Only the count should appear in your answer: how many lines of the data below contain the word "освіти"?

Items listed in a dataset
━━━━━━

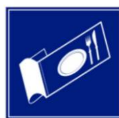
Buoni pasto e acquisto
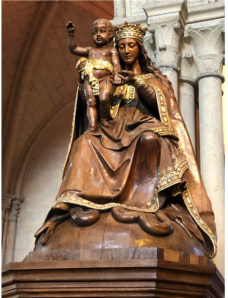
Maria met Kind, Laon (Fr.)

Van daaruit bezochten we prachtige kathedralen, kerken en een kasteel. Noyon, Laon, Soisson, Pierrefonds, Morierval, Saint-Leu-d'Esserent bezochten we vanuit ons eerste onderkomen. Hoewel velen van ons in die plaatsen nog niet eerder waren geweest, verbaasden we ons over de prachtige en reusachtige kathedralen die relatief zo dicht bij elkaar waren gebouwd in een gebied dat nu vooral bestond uit veel natuur en nietige dorpen. Ik ga de gebouwen niet beschrijven. Dat is volstrekt onmogelijk. De meeste waren in de 11 e en 12 e eeuw gebouwd. Dat er nog zo veel beelden en ook glaskunst is bewaard gebleven geeft aan dat daar niet alle kathedralen zijn verwoest in oorlogen en beeldenstorm. We hebben zo veel schoonheid gezien dat ik daar wel een jaar op kan teren.
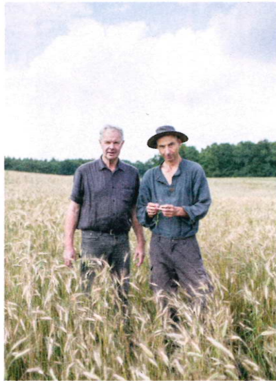
Ökovicisionäre Meyerhoff, Gottwald „Toleranz gegenüber Unkräutern“

Bauernpräsident Joachim Rukwied sorgt sich im SPIEGEL-Streitgespräch um Wett-
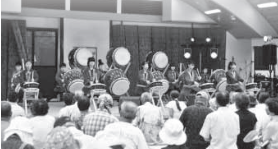
▲奥多摩清流太鼓によるオープニング
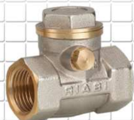
شیر یک طرفه ONE SIDE VALVE نحاس الصمامات 1 لطريقة
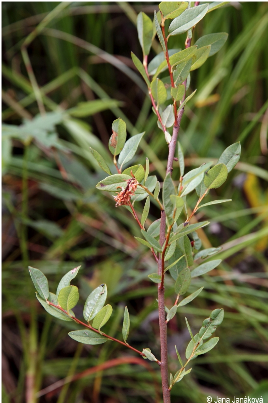
Salix myrtilloides – Jana Janáková – Chlum.
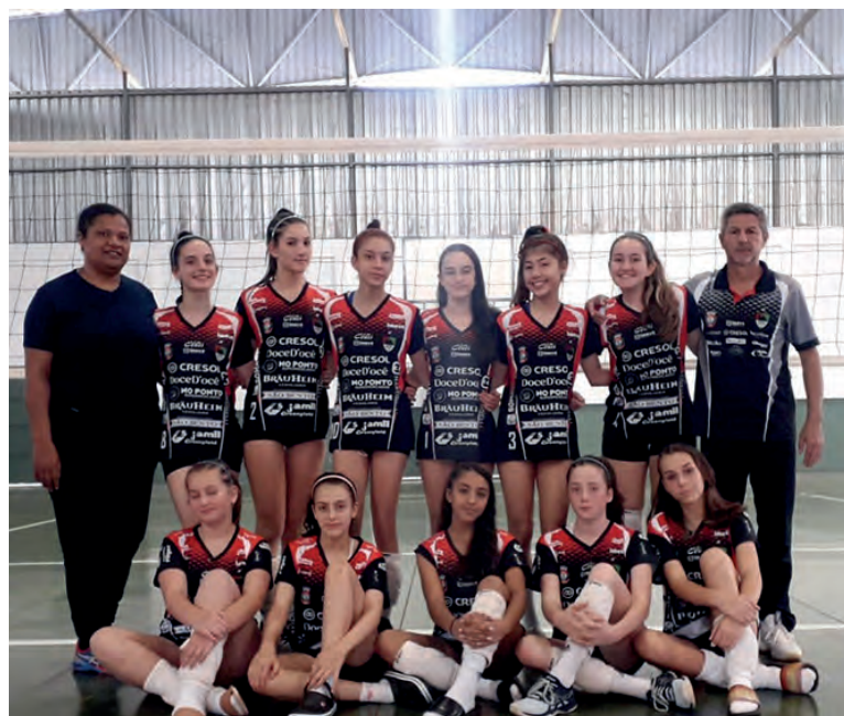
A equipe de vôlei da Acel, de Chopinzinho, campeã dos jogos escolares do Paraná, na categoria B
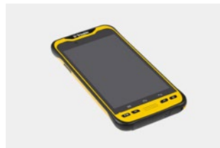
VFC4.1 – kleiner Feldcomputer für EVA4mobile® Art.-Nr. 2005350001
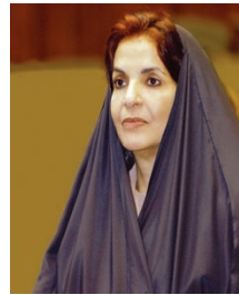
سمو الأميرة سبيكة بنت إبراهيم آل خليفة.
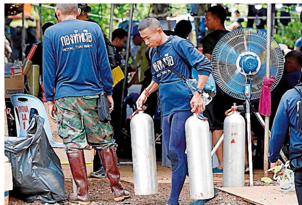
Un buzo prepara llevar algunas botellas de oxígeno.

El nivel de agua sigue descendiendo gracias a la ventana de buen tiempo, la salidas de escape naturales y los trabajos de drenaje. Sin embargo, las autoridades tailandesas apuntan que la cantidad todavía es elevada en zonas cruciales durante el camino hacia el exterior.
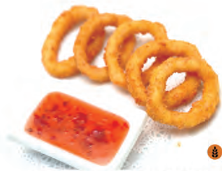
148. TEMPURA CALAMARI calamari fritti
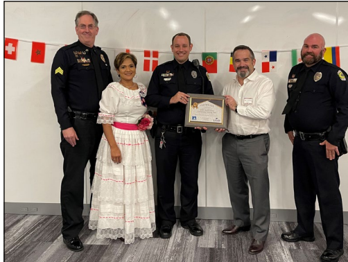
Premio Amigos de KEAFCS 2021-WPD

Patrocinadores, Voluntarios y Contacto Local
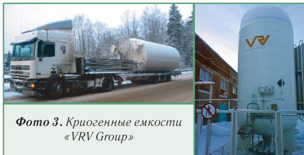
Фото 3. Криогенные емкости «VRV Group»
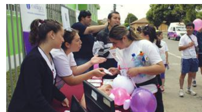
Académicas de la Escuela de Enfermería Curicó educando en la prevención del cáncer Cérvico Uterino.
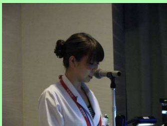
「当院でのNSTの取り組みについて」

医療の世界は日進月歩です。私たちの日頃の業務の中で疑問に思った事や、また患者さん、ご利用者の目線に立ち感じた事などが6題の研究の題材になりました。それらは一人ひとりを大切にしていきたいという想いが根底にあると感じられました。今後も日常の業務に満足することなく、疑問や課題を解決するように努力していかなければならないと思いました。
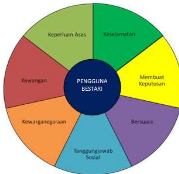
Rajah 2 Model Pengguna Bestari

Penyelidik turut menggubal dua buah modul bagi melaksanakan penerapan pendidikan pengguna praktikal dan berkesan di sekolah-sekolah rendah di Malaysia. Modul tersebut dinamakan Pengguna Bestari Tahap 1 dan Pengguna Bestari Tahap 2.
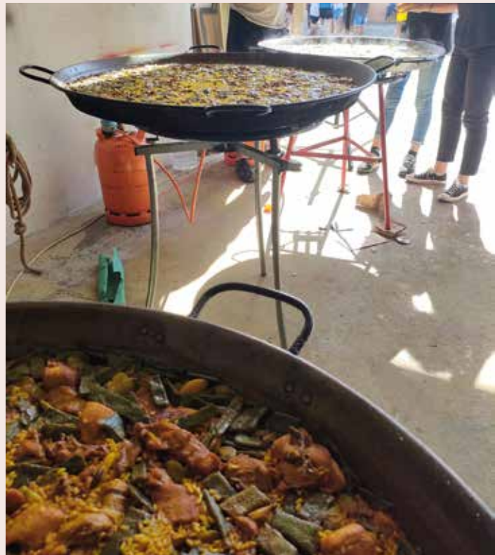
Dinar germanor i-e Dinar germanor falles i+e de València.
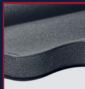
PODWINIĘCIĘ DOLNEJ KRAWĘDZI ARKUSZA
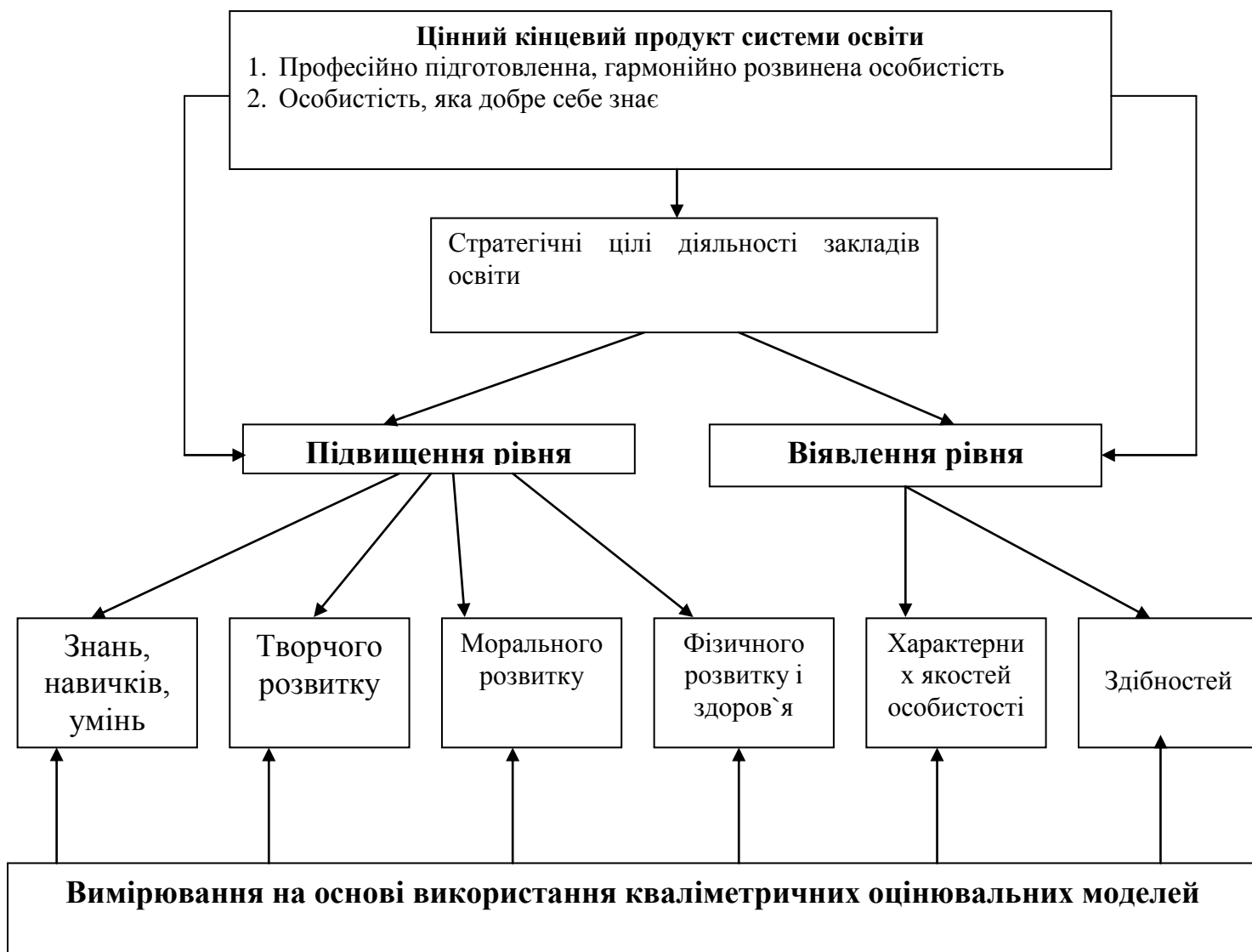
Рис. 3. Стратегічні цілі системи освіти виходячи з цінного кінцевого продукту діяльності закладів освіти

У цьому випадку цінним кінцевим продуктом системи освіти є професійно підготовлена гармонійно розвинена особистість, що добре знає себе.
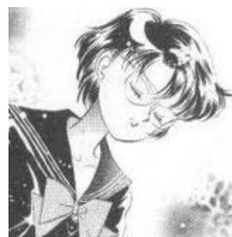
Bishoujo Senshi Sailor Moon© 1992, Naoko Takeuchi. Editorial Nakayoshi

• Meganekko o chica amorosa de lentes . Son personajes que usan lentes y tienden a ser muy inteligentes, en ocasiones son muy serias. La mayoría de las veces tienen el cabello largo.
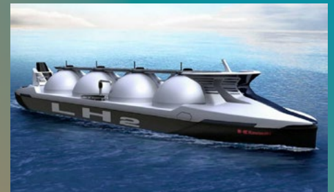
■ Transport d'hydrogène Liquide (MHI)
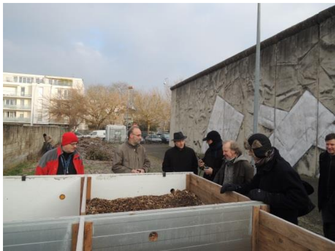
A la maison d'Arrêt de Strasbourg

En 2014, 2015 les premiers sites collectifs installés dans le cadre du « marché » avec la CUS
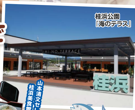
桂浜公園 『海のテラス』

━━━━━━

Response area: 2